*** Opening DATASET EXTRACT ***
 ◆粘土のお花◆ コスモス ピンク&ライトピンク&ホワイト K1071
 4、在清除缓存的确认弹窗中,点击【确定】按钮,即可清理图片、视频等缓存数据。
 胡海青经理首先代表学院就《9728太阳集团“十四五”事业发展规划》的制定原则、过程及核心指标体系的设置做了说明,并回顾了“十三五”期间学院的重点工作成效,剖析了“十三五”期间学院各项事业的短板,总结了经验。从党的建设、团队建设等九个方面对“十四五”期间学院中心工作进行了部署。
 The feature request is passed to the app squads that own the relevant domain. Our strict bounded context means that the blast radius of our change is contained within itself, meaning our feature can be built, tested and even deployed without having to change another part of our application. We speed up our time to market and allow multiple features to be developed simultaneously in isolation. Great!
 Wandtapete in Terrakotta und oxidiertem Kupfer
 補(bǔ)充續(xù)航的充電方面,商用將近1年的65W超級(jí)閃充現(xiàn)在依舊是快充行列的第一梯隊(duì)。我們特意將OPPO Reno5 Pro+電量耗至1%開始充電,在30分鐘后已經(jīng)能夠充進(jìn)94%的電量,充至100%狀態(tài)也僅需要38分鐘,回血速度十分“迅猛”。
*** Closing DATASET EXTRACT ***
*** Opening DATASET EXTRACT ***
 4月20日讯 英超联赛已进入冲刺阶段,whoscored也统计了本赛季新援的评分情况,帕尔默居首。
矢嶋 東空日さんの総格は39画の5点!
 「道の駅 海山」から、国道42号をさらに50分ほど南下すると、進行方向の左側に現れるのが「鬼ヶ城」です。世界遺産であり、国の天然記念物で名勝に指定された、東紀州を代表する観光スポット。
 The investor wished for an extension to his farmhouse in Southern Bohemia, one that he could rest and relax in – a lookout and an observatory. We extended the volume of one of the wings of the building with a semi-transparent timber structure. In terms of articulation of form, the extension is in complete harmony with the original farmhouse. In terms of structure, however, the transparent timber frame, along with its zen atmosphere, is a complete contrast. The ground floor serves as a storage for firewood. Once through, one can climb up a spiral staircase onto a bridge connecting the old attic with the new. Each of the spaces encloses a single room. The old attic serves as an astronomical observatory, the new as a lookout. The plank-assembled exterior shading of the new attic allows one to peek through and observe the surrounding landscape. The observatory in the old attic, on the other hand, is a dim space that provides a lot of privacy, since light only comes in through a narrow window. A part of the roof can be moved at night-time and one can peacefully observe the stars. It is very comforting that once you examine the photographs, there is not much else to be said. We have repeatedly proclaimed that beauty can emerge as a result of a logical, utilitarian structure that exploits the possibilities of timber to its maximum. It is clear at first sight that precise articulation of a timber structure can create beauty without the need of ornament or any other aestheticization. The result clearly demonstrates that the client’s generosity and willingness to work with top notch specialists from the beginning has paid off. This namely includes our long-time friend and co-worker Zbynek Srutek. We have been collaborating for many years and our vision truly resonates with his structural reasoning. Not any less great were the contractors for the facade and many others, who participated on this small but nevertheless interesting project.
*** Closing DATASET EXTRACT ***
*** Opening DATASET EXTRACT ***
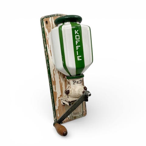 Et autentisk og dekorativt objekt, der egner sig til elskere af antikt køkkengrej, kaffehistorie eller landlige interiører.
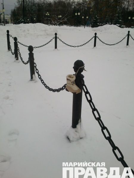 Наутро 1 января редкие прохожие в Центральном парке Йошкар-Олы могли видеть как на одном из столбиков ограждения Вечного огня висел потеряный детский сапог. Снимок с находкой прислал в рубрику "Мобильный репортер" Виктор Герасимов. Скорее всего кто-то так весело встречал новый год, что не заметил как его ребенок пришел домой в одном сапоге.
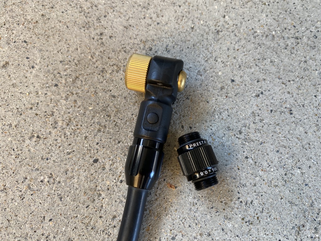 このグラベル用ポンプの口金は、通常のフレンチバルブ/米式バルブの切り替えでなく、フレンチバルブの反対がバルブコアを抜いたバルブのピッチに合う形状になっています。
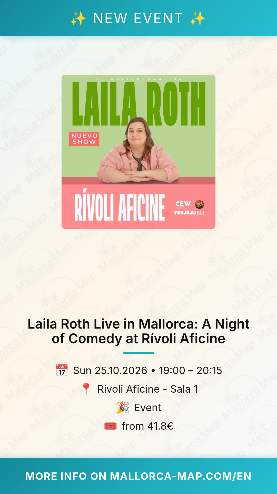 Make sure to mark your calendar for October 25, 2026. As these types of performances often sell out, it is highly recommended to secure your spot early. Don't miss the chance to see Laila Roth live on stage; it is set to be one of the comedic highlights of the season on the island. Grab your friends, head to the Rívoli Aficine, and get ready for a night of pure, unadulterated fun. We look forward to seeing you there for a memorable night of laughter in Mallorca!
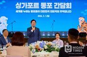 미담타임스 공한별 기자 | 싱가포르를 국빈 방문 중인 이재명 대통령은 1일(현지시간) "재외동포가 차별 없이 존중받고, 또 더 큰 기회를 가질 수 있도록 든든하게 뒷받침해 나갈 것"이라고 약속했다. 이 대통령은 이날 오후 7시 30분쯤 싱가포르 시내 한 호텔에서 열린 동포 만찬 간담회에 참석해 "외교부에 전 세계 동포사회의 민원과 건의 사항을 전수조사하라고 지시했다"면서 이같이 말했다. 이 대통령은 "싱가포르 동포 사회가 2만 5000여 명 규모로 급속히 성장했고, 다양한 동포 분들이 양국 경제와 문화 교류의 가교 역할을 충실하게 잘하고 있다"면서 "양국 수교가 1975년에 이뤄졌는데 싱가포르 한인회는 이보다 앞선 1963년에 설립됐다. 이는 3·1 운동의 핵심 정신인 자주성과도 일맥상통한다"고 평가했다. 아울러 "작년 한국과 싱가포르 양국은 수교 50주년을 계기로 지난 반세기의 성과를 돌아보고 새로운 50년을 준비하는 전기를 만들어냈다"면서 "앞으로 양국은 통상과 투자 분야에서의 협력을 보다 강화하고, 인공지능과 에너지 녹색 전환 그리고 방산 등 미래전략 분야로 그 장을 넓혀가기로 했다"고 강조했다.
*** Closing DATASET EXTRACT ***
Print again the lines of the entries above that fall between the line holding "コスモス ピンク&ライトピンク&ホワイト K1071" and the line holding "胡海青经理首先代表学院就《9", inclusive, exactly as they stand.

 ◆粘土のお花◆ コスモス ピンク&ライトピンク&ホワイト K1071
 4、在清除缓存的确认弹窗中,点击【确定】按钮,即可清理图片、视频等缓存数据。
 胡海青经理首先代表学院就《9728太阳集团“十四五”事业发展规划》的制定原则、过程及核心指标体系的设置做了说明,并回顾了“十三五”期间学院的重点工作成效,剖析了“十三五”期间学院各项事业的短板,总结了经验。从党的建设、团队建设等九个方面对“十四五”期间学院中心工作进行了部署。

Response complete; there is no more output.